Exercise description: Output each record exactly as given. Leave out every picture.

(Excerpts from a dataset)
Segment Open

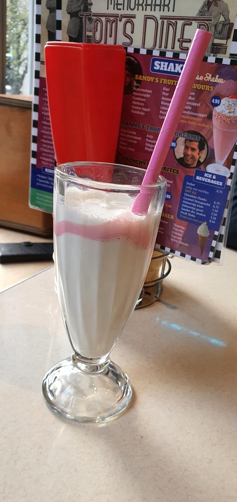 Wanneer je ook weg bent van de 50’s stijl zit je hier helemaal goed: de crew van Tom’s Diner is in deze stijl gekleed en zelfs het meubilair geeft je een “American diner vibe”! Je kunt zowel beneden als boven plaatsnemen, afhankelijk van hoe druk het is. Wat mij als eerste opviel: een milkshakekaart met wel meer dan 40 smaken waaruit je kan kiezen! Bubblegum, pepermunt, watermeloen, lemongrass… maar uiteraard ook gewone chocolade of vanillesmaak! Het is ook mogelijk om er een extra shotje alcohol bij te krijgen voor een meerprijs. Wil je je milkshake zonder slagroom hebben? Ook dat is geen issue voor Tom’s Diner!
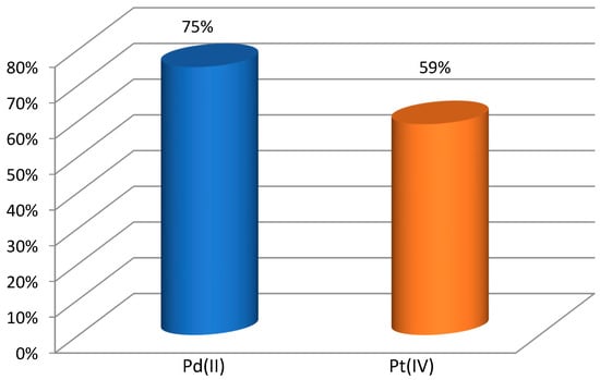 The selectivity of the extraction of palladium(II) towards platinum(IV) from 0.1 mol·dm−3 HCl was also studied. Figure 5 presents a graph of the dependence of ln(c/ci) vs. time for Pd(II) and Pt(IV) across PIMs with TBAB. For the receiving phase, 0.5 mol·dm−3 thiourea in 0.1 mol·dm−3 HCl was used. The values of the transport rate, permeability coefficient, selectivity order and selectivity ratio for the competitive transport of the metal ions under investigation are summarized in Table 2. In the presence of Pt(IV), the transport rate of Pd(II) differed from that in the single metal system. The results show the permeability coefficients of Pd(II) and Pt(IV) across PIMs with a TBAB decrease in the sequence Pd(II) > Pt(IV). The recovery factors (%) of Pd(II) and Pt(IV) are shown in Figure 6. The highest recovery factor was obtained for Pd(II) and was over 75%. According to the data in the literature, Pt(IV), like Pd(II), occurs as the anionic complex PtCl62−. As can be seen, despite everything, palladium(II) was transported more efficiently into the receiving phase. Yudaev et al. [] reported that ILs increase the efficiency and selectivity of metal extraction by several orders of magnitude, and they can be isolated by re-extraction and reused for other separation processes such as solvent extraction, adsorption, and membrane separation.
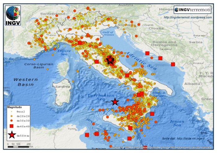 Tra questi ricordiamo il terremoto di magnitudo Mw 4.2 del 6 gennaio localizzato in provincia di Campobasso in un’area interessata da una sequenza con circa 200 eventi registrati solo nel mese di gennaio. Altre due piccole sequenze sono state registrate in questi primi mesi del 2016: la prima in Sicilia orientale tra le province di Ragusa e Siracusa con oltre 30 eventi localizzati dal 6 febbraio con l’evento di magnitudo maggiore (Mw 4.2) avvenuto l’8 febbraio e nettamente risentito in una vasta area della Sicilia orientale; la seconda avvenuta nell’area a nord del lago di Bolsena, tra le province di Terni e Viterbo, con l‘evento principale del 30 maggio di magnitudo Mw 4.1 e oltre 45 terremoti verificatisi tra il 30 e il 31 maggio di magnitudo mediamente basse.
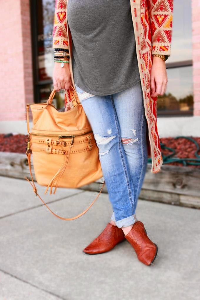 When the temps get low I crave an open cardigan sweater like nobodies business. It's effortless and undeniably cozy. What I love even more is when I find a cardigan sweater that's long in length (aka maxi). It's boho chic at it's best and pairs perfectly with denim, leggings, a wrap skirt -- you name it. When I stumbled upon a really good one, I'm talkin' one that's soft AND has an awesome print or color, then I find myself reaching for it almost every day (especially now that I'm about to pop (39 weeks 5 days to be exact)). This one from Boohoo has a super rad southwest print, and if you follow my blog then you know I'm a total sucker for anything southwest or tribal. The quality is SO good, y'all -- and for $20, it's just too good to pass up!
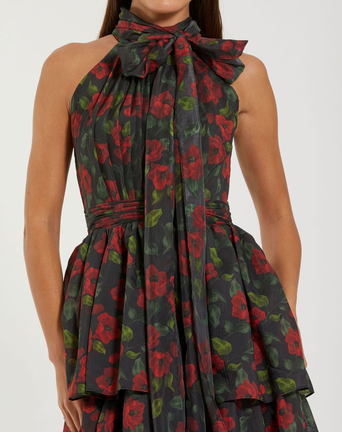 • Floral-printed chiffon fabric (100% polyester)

Segment Closed

Exercise output:
 Wanneer je ook weg bent van de 50’s stijl zit je hier helemaal goed: de crew van Tom’s Diner is in deze stijl gekleed en zelfs het meubilair geeft je een “American diner vibe”! Je kunt zowel beneden als boven plaatsnemen, afhankelijk van hoe druk het is. Wat mij als eerste opviel: een milkshakekaart met wel meer dan 40 smaken waaruit je kan kiezen! Bubblegum, pepermunt, watermeloen, lemongrass… maar uiteraard ook gewone chocolade of vanillesmaak! Het is ook mogelijk om er een extra shotje alcohol bij te krijgen voor een meerprijs. Wil je je milkshake zonder slagroom hebben? Ook dat is geen issue voor Tom’s Diner!
 The selectivity of the extraction of palladium(II) towards platinum(IV) from 0.1 mol·dm−3 HCl was also studied. Figure 5 presents a graph of the dependence of ln(c/ci) vs. time for Pd(II) and Pt(IV) across PIMs with TBAB. For the receiving phase, 0.5 mol·dm−3 thiourea in 0.1 mol·dm−3 HCl was used. The values of the transport rate, permeability coefficient, selectivity order and selectivity ratio for the competitive transport of the metal ions under investigation are summarized in Table 2. In the presence of Pt(IV), the transport rate of Pd(II) differed from that in the single metal system. The results show the permeability coefficients of Pd(II) and Pt(IV) across PIMs with a TBAB decrease in the sequence Pd(II) > Pt(IV). The recovery factors (%) of Pd(II) and Pt(IV) are shown in Figure 6. The highest recovery factor was obtained for Pd(II) and was over 75%. According to the data in the literature, Pt(IV), like Pd(II), occurs as the anionic complex PtCl62−. As can be seen, despite everything, palladium(II) was transported more efficiently into the receiving phase. Yudaev et al. [] reported that ILs increase the efficiency and selectivity of metal extraction by several orders of magnitude, and they can be isolated by re-extraction and reused for other separation processes such as solvent extraction, adsorption, and membrane separation.
 Tra questi ricordiamo il terremoto di magnitudo Mw 4.2 del 6 gennaio localizzato in provincia di Campobasso in un’area interessata da una sequenza con circa 200 eventi registrati solo nel mese di gennaio. Altre due piccole sequenze sono state registrate in questi primi mesi del 2016: la prima in Sicilia orientale tra le province di Ragusa e Siracusa con oltre 30 eventi localizzati dal 6 febbraio con l’evento di magnitudo maggiore (Mw 4.2) avvenuto l’8 febbraio e nettamente risentito in una vasta area della Sicilia orientale; la seconda avvenuta nell’area a nord del lago di Bolsena, tra le province di Terni e Viterbo, con l‘evento principale del 30 maggio di magnitudo Mw 4.1 e oltre 45 terremoti verificatisi tra il 30 e il 31 maggio di magnitudo mediamente basse.
 When the temps get low I crave an open cardigan sweater like nobodies business. It's effortless and undeniably cozy. What I love even more is when I find a cardigan sweater that's long in length (aka maxi). It's boho chic at it's best and pairs perfectly with denim, leggings, a wrap skirt -- you name it. When I stumbled upon a really good one, I'm talkin' one that's soft AND has an awesome print or color, then I find myself reaching for it almost every day (especially now that I'm about to pop (39 weeks 5 days to be exact)). This one from Boohoo has a super rad southwest print, and if you follow my blog then you know I'm a total sucker for anything southwest or tribal. The quality is SO good, y'all -- and for $20, it's just too good to pass up!
 • Floral-printed chiffon fabric (100% polyester)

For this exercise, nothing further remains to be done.